In summary, we show that vaccination with oligomeric Fla~L2 induces cross-protection against divergent HPV types from different oncogenic clades after challenge at both cutaneous and mucosal sites in relevant animal models. Following active immunization, oligomeric Fla-L2 fusions provided complete protection against infection and disease induced by both homologous and heterologous HPV challenge. The longevity of the cross-protective immune response was demonstrated for Fla~L2 vaccines for up to 1 year. Through the determination of the EPPT, passive transfer studies showed broader cross-protection afforded by L2 delivered as a flagellin fusion than by L1 VLPs. These findings suggest the merit of an oliogomeric L2-TLR5 agonist fusion approach and its potential superiority to L1-based vaccines for cross-protection against non-vaccinal HPV types. Dose ranging studies indicate the dose-sparing potential of the flagellin approach with significant cross-protection observed at doses as low as 1 μg.
Supplementary Material
Acknowledgments
Authors are grateful for technical assistance provided by Susana Pang (NIH), Karla Balogh (PennState University) as well as to Raymond Oomen, Mark Parrington, and Michael Watson (Sanofi Pasteur) for valuable discussions.
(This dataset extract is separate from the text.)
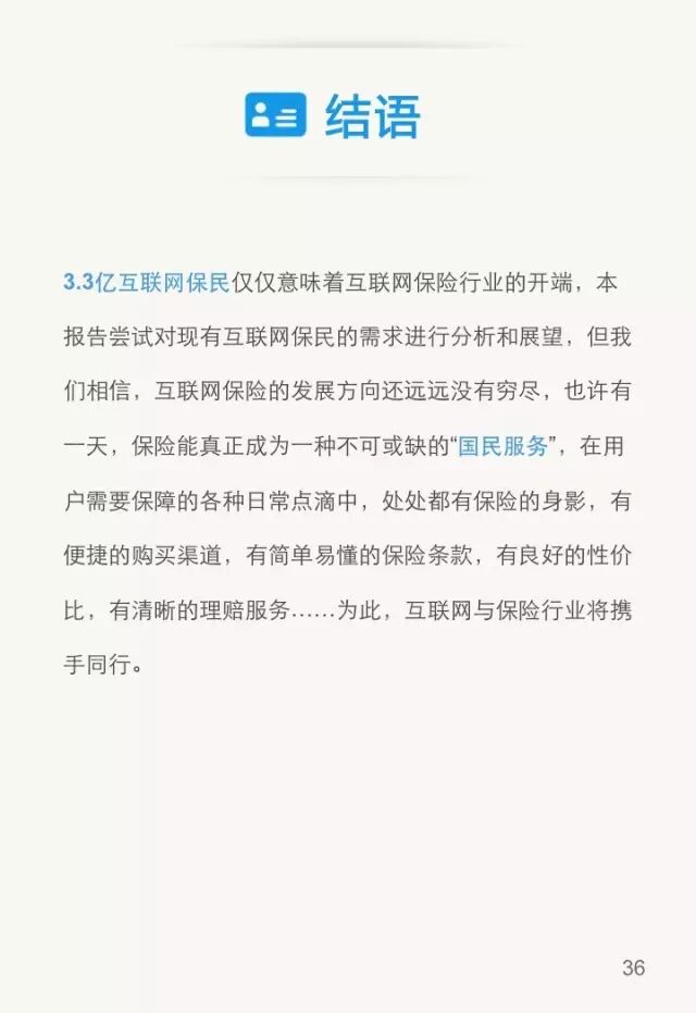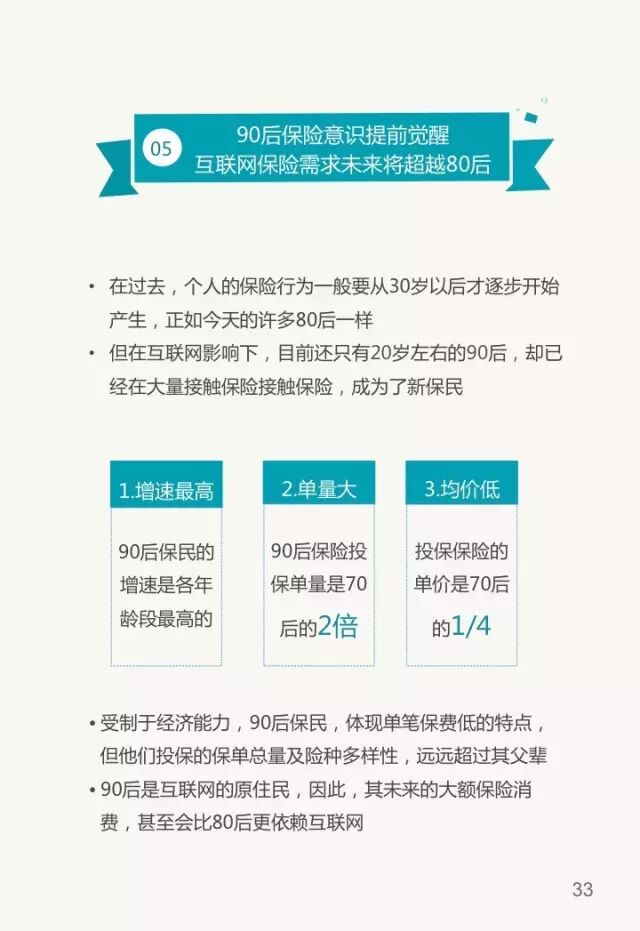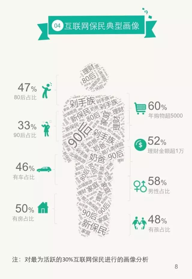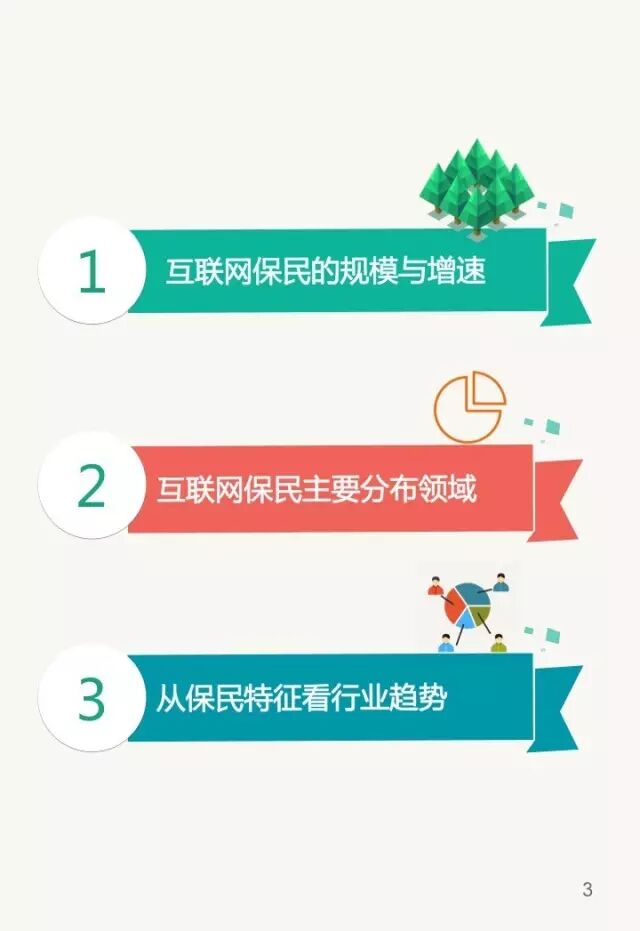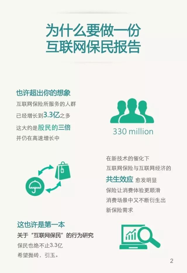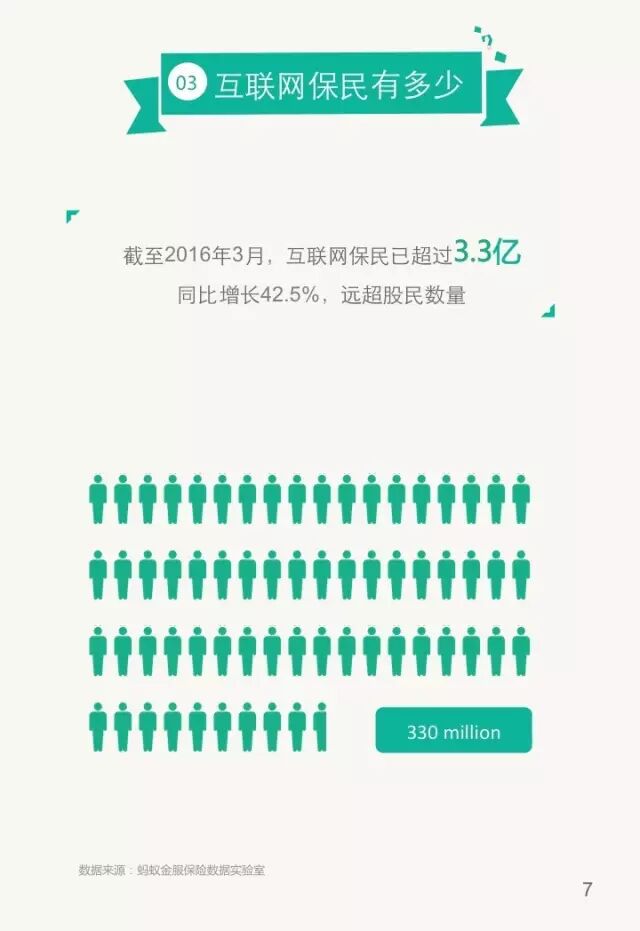 截止到2016年3月,互联网保险服务的用户已经超过3.3亿,同比增长42.5%,互联网保民人数已经是股民人数的3倍,基民的1.5倍。在互联网保民当中,8090占80%,当奶爸后投保意愿翻倍,东三省最爱退货运费险,保民越熬夜越买健康险,扶老人险保民捐款比例是普通人21倍。以下是报告详细内容:

We are also thankful to Yves Gried-Chambaz (Sanofi Pasteur) for building of L2-based HPV phylogenetic tree.
Funding: This study was funded by Sanofi Pasteur.
Appendix A. Supplementary data
Supplementary data associated with this article can be found, in the online version, at http://dx.doi.org/10.1016/j.vaccine.2014.04.032.
Footnotes
Ethical statement: Mouse studies were carried out in strict accordance with the recommendations in the Guide for the Care and Use of Laboratory Animals of the National Institutes of Health. All animal studies were performed with the prior approval of the Animal Care and Use Committee of Johns Hopkins University (protocol MO08M19). Rabbit studies were performed according to the quality service and ethical treatment policy of Covance Inc. All Covance programs are AAALAC International accredited, and meet or exceed USDA Research License requirements, as well as those of the “Guide for Care and Use of Laboratory Animals”. All animal studies are performed with the prior approval of the Institutional Animal Care and Use Committee.
Conflict of interests: SJ and RBSR are co-inventors on L2 patents licensed to Shantha Biotechnics Ltd., GlaxoSmithKline, PaxVax Inc. and Acambis Inc., and have received grant support from Sanofi Pasteur. The terms of these arrangements are managed by Johns Hopkins University in accordance with its conflict of interest policies. JTS is a co-inventor on U.S. Government owed patents on papillomavirus L1 vaccines that are licensed to Merck & Co. and GlaxoSmithKline and L2 vaccines that are licensed to Shantha Biotechnics Ltd., GlaxoSmithKline, PaxVax Inc., Acambis Inc. and Sanofi Pasteur.